1. Scope of Services:
- Option A: General Design Services: The Service Provider will provide the following design services to the Client: [Detailed Description of Design Services, e.g., Branding, Logo Design, Graphic Design].
- Option B: Specific Project Design Services: The Service Provider will provide design services as specifically outlined in Exhibit A, attached hereto and incorporated by reference (the “Project”).
- Deliverables:
- [List of Deliverables, e.g., Logo Files in various formats, Website Mockups]
- Project Phases:
- [List of Project Phases, e.g., Discovery, Design, Revisions, Final Delivery]
- Milestones:
- [List of Project Milestones with Brief Descriptions, e.g., Initial Concept Presentation, First Draft Submission]
2. Client Obligations:
- Option A: Content Provision: The Client shall provide the Service Provider with all necessary content, brand assets, and data required for the Project, including but not limited to [List of Required Content, e.g., Text, Images, Logos].
- Option B: Review and Feedback: The Client shall provide timely feedback on all design drafts within [Number] business days of receipt.
- Collaboration Tools: The Client and Service Provider shall utilize the following collaboration tools: [List of Tools, e.g., Email, Slack, Project Management Software].
3. Project Schedule:
- Option A: Fixed Schedule: The Project will adhere to the following schedule:
- Milestone Deadlines: [List of Milestone Deadlines]
- Revision Turnaround Time: [Number] business days.
- Final Delivery Date: [Date].
- Option B: Flexible Schedule: The Project schedule will be mutually agreed upon and adjusted as necessary, subject to written approval by both parties.
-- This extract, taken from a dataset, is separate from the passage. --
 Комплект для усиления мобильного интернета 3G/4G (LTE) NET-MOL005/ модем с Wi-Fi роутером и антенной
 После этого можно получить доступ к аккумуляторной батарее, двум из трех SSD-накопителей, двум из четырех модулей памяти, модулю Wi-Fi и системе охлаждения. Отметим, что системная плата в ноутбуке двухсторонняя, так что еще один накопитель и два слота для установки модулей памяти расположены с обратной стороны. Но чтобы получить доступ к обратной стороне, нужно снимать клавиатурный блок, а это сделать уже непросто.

- Scope Creep Policy: Additional revisions or changes in scope beyond the agreed-upon deliverables will be subject to additional fees at a rate of [Dollar Amount] per hour. All such changes must be documented in writing and approved by both parties.
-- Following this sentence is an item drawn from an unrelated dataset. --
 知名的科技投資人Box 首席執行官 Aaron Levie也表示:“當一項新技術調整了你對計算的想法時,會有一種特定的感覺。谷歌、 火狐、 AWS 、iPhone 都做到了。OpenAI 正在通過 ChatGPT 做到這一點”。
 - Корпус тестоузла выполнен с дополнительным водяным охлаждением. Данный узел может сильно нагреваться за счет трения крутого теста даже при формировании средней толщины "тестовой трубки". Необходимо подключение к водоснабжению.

4. Work Location and Expenses:
- Option A: Remote: The Service Provider will perform the design services remotely.
- Option B: On-Site (New York): The Service Provider will perform the design services on-site at [Client Business Address].
- Option C: Hybrid: The Service Provider will perform the design services both remotely and on-site, as needed.
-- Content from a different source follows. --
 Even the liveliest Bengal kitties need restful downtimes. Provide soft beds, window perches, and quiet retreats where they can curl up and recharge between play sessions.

- Reimbursable Expenses: The Client shall reimburse the Service Provider for reasonable travel and material expenses incurred in connection with the Project, subject to prior written approval. Such reimbursements will be in accordance with New York labor standards and documented with receipts.
5. Compensation:
- Option A: Fixed Fee: The total service fee for the Project is [Dollar Amount].
- Payment Milestones:
- [Milestone 1]: [Dollar Amount or Percentage] upon signing of this Agreement.
- [Milestone 2]: [Dollar Amount or Percentage] upon completion of [Specific Deliverable or Phase].
- [Milestone 3]: [Dollar Amount or Percentage] upon final delivery and acceptance of the Project.
- Payment Milestones:
- Option B: Hourly Rate: The Service Provider’s hourly rate is [Dollar Amount].
- Invoicing: The Service Provider will submit invoices to the Client on a [Frequency, e.g., Monthly, Per Milestone] basis. All invoices will comply with New York sales tax and withholding obligations.
- Late Payment Interest: Late payments will be subject to interest at a rate of [Percentage] per month, as permitted by New York General Obligations Law.
- Dispute Overcharges: In the event of a dispute regarding overcharges, the Client shall notify the Service Provider in writing within [Number] days of the invoice date. Both parties will then attempt to resolve the dispute in good faith.
6. Intellectual Property Rights:
- Work Made for Hire: All work created by the Service Provider under this Agreement shall be considered "work made for hire" as defined under New York law.
- Transfer of Ownership: Upon full payment, all intellectual property rights in the final deliverables, excluding pre-existing materials, shall transfer to the Client.
- Pre-Existing Materials: The Service Provider retains all rights to any pre-existing materials used in the Project.
- Portfolio Display: The Service Provider reserves the right to display the Project in its portfolio, subject to the Client's prior written approval if the Project is confidential.
7. Confidentiality and Non-Disclosure:
- Confidential Information: Both parties agree to hold confidential all proprietary information, design drafts, business practices, and sensitive client data disclosed during the term of this Agreement.
- Survival: This confidentiality obligation shall survive the termination of this Agreement.
8. Data Privacy Compliance:
- SHIELD Act Compliance: If the Service Provider processes personal information of New York residents, it shall comply with the requirements of the New York SHIELD Act.
9. Quality Assurance and Acceptance:
- Acceptance Testing: The Client shall conduct acceptance testing of the deliverables within [Number] days of receipt.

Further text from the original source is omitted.